This is the first laboratory-based estimate of B. distincta development and survival. The developmental durations observed are consistent with those of stink bug species. The incubation period of B. distincta was 5.4 days at 25 °Chigh RH, which was very close to the 5.3 days of Thyanta pallidovirens (Stål) (Hemiptera: Pentatomidae) [35] at the same temperature. The developmental duration of 7.2 days for instar 2 at 25 °Clow RH was also comparable to the 7.4 days of Nezara viridula (Linnaeus) (Hemiptera: Pentatomidae) [36]. Notably, the developmental duration of B. distincta’s instar 5 was the longest at 22, 25high RH, 25low RH, and 29 °C, among other life stages. The latter trend was also reported for Halyomorpha halys (Stål) (Hemiptera: Pentatomidae) at temperatures ranging from 20 to 33 °C [15] and 20 and 30 °C [37]. The development of sexual organs in instar 5 could explain its prolonged developmental duration. In addition, many insects require substantial amounts of food for the last instar of the immature stage to maximize reproduction [38]. In terms of total development, B. distincta took 41.6 days (25 °Clow RH), which was also observed for H. Halys (42 days) [15] at 25 °C. In contrast, at the same temperature, it took T. pallidovirens 36 days [35] and A. thunbergii 56.53 days to develop from an egg to the adult stage [16].
B. distincta completed its full development (egg to adult) at temperatures ranging from 21 to 29 °C. Chlorochroa uhleri (Stål) (Hemiptera: Pentatomidae) and T. pallidovirens completed their development at temperatures between 20 and 30 °C [35]. These temperature ranges appear to be narrower relative to other stink bug species. For example, H. halys and N. viridula had a range of 17 to 36 °C and 25 to 36 °C, respectively [20,39]. The wider temperature of H. halys is probably related to the larger variation in summer climatic conditions at the higher latitudes of Minnesota, United States [39]. Climate adaptability altered by the geographical regions, genetic variation, and temperatures examined can explain these differences between species.

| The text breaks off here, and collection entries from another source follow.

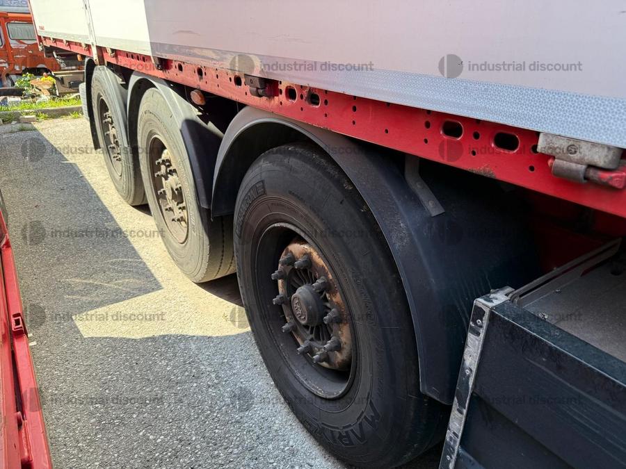 VENDITA DA AZIENDA ATTIVARimorchio Margaritelli Italia spaADR TIPO: FL-OX-AT –EX/II - EX/IIIImmatricolato: 2007Targa: AE37875Telaio: ZGPM300010Y003340 Assali SAF con freno a disco, terzo asse fisso, primo asse sollevabile, sospensioni pneumatiche. Protezione posteriore para incastro. Parafanghi a norme. Luci laterali di ingombro. Protezioni laterali para ciclisti. Porta ruota di scorta doppio a cesto. Porta listelli sotto telaio. Dimensioni:Larghezza esterna: 2.550 mmAltezza utile interna 2710 mm collo da 120 mmptt 38000 kgportata utile 31300 kgLunghezza esterna: 13.720 mmBUCA COILS da mt 8.90 con sedi per piantane e piantane interno buca. Fondo in pannello multistrato marino. Ganci per ancoraggio del carico. Sponda anteriore para cabina altezza massima in acciaio rinforzata internamente con pannello multistrato. Centinato alla francese. Piantoni centrali scorrevoli ( 3 + 3 ). Nr. 5 file di listelli laterali in legno. Centina Alza abbassa a leve nei 4 angoli con spalliere laterali in alluminio (trave a L) - Tetto copri scopri. Paracolpi posteriore. Porte posteriori altezza massima gran Volume con 4 chiusure interne. Teli laterali scorrevoli con tenditelo colore grigio con chiusura cricchetti in acciaio diretti. Revisione annuale scaduta Scarica i documenti dalla sezione documentazione lotto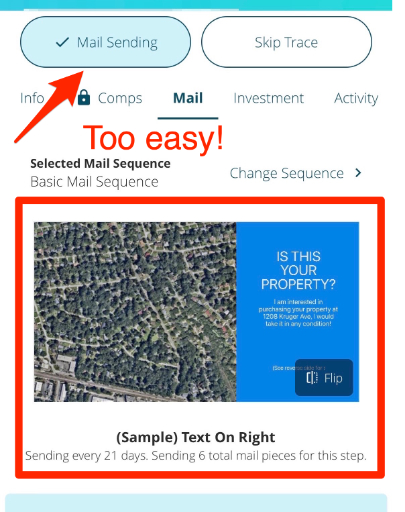 DealMachine will now send out its default mail to the homeowner every 21 days, with a total of 6 mail pieces to be sent.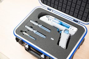 «В отличие от существующих мировых аналогов разработанное устройство является полностью автономным и питается от встроенных аккумуляторных батарей, которые могут быть заряжены через USB-порт, — рассказывает автор разработки Тимур Айдемир, к.т.н., инженер лаборатории тканевой инженерии и регенеративной медицины НИТУ МИСИС. — Перед работой два стандартных шприца объемом 20 мл заправляются биополимерами и медицинскими препаратами. Через специальный порт подсоединяется третий шприц и выполняется заправка устройства сшивающим агентом, далее заправляющий шприц отключается. При нажатии на курок ультразвуковая система одномоментно собирает все компоненты в области печати, тем самым формируя полимерный сшитый биоматериал, способный останавливать кровотечение и ускорять регенерацию ткани».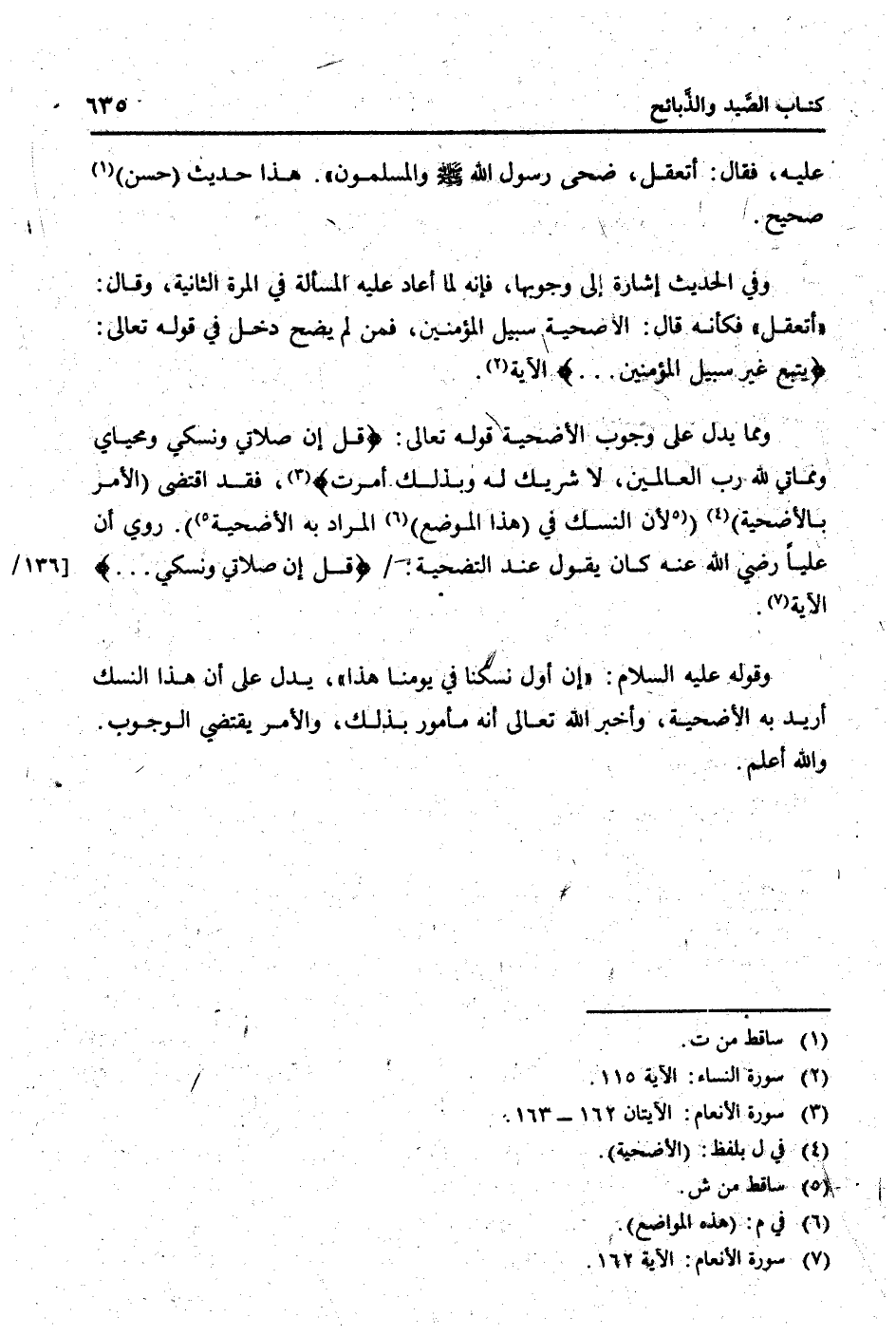 وَمِمَّا يدل على وجوب الْأُضْحِية قَوْله تَعَالَى: {قل إِن صَلَاتي ونسكي ومحياي ومماتي لله رب الْعَالمين لَا شريك لَهُ وَبِذَلِك أمرت} ، فقد اقْتضى (الْأَمر بالضحية) (لِأَن النّسك فِي (هَذَا الْموضع) المُرَاد بِهِ الْأُضْحِية) . رُوِيَ أَن عليا رَضِي الله عَنهُ كَانَ يَقُول عِنْد بالأضحية: / {قل إِن صَلَاتي ونسكي} الْآيَة.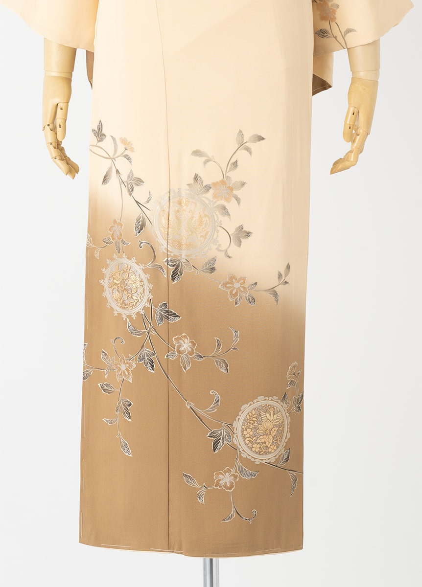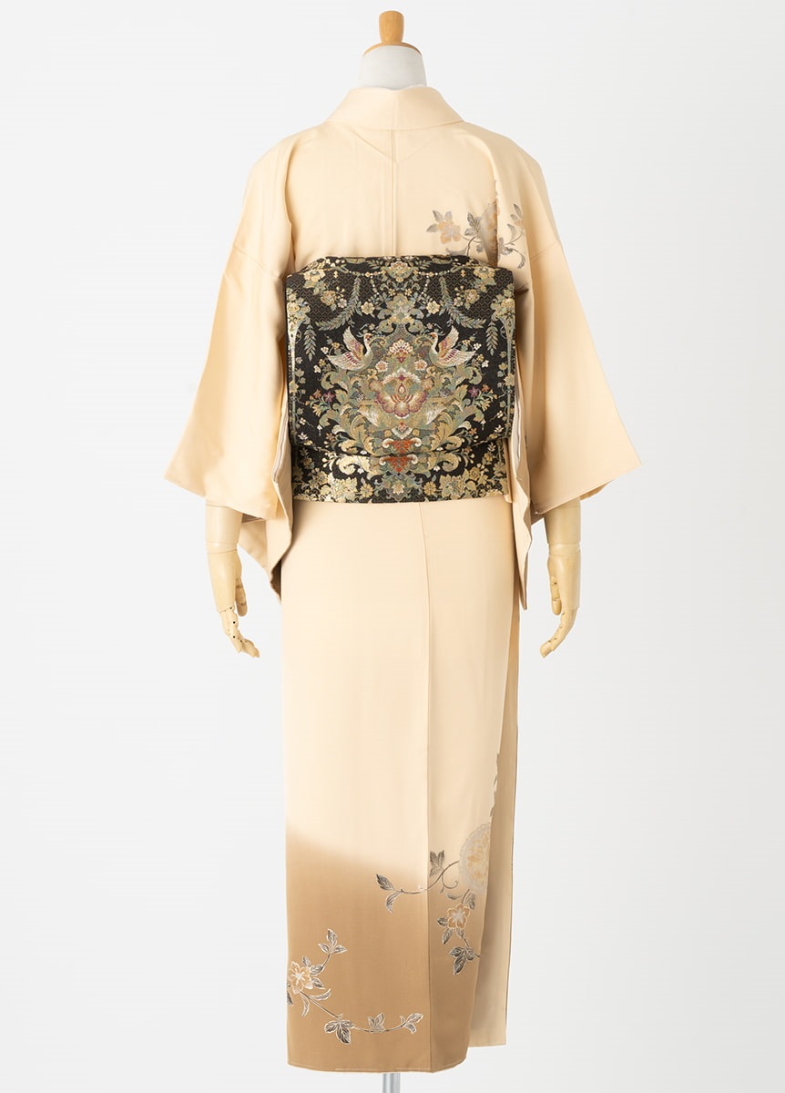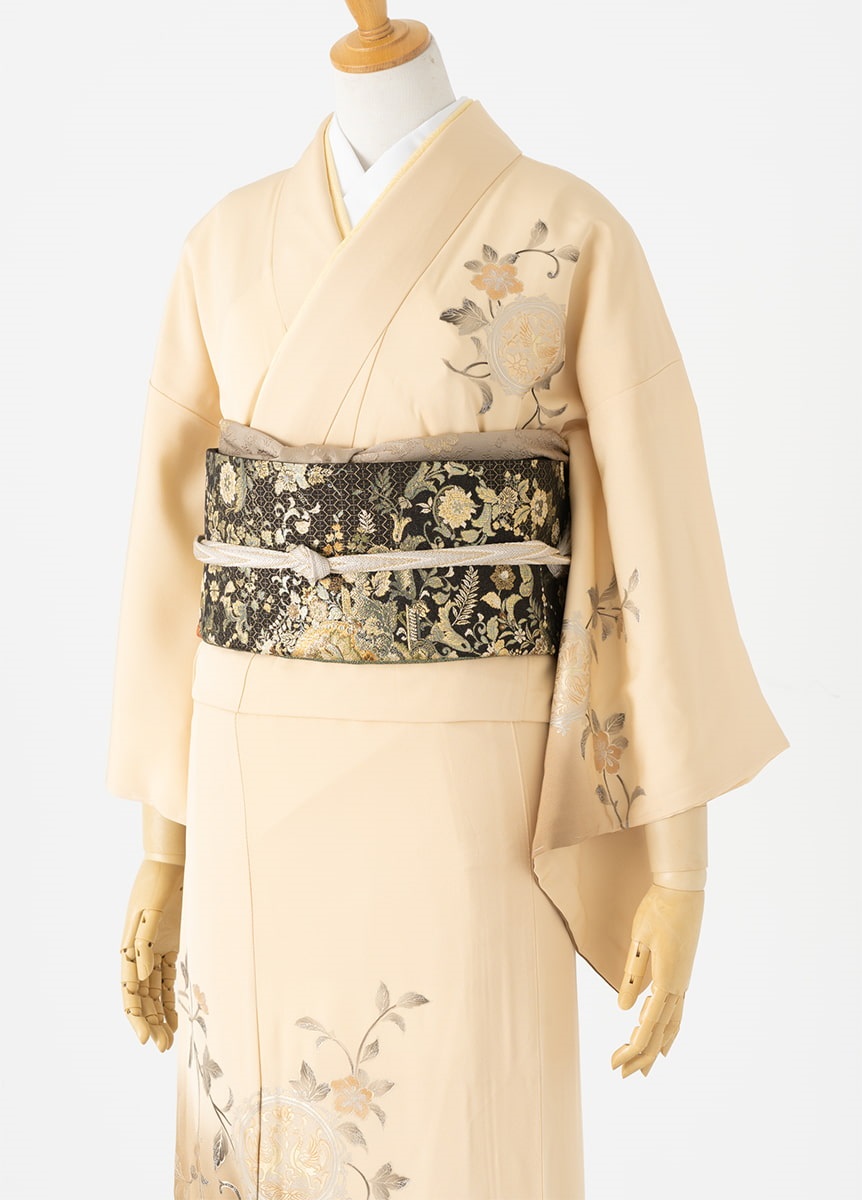 素材:【訪問着】正絹 【帯・小物】絹、ポリエステル、一部金属糸使用 【長襦袢】身頃/綿100% 裾・袖/ポリエステル100%

The survival rate of B. distincta’s life stages did not differ significantly between temperatures except for instar 2, contrasting the survival rate of N. viridula, which declined with increasing temperature [20]. The eggs of B. distincta had the highest survival rate (88–100%) compared to other life stages, suggesting that they may be more temperature-resistant to withstand unfavorable conditions. High survival rates of nymphal stages are associated with the aggregation behavior of newly emerged instar 1 nymphs [40]. Stink bug instar 1 nymphs acquire symbionts by tapping the eggshells using their mouth parts after hatching [41]. Ref. [42] found that the aggregations of N. viridula instar 1 nymphs increased humidity, thereby reducing mortality. This could account for the high survival rates of B. distincta in this study, as the newly emerged instar 1 nymphs were allowed to aggregate. As a result, it has been suggested that laboratory bioassays start with instar 2 to allow for instar 1 nymph to aggregate [26,42]. A significant drop in survival rate (51%) at 22 °C may possibly be attributed to handling instar 2 with a soft paintbrush when cleaning the rearing containers and changing diets. Considering that B. distincta starts dispersing at instar 2, cleaning the containers might have negatively impacted its survival. It is, therefore, necessary to develop alternative methods that require changing the diet without transferring individuals to clean-rearing containers. In contrast, instar 2 was found to be the most thermally plastic stage of B. distincta in response to heat and cold hardening and heat acclimation [43], which could be related to its morphology and behavior. The dark pigmentation of this stage could provide more heat absorption when they start searching for food [43,44].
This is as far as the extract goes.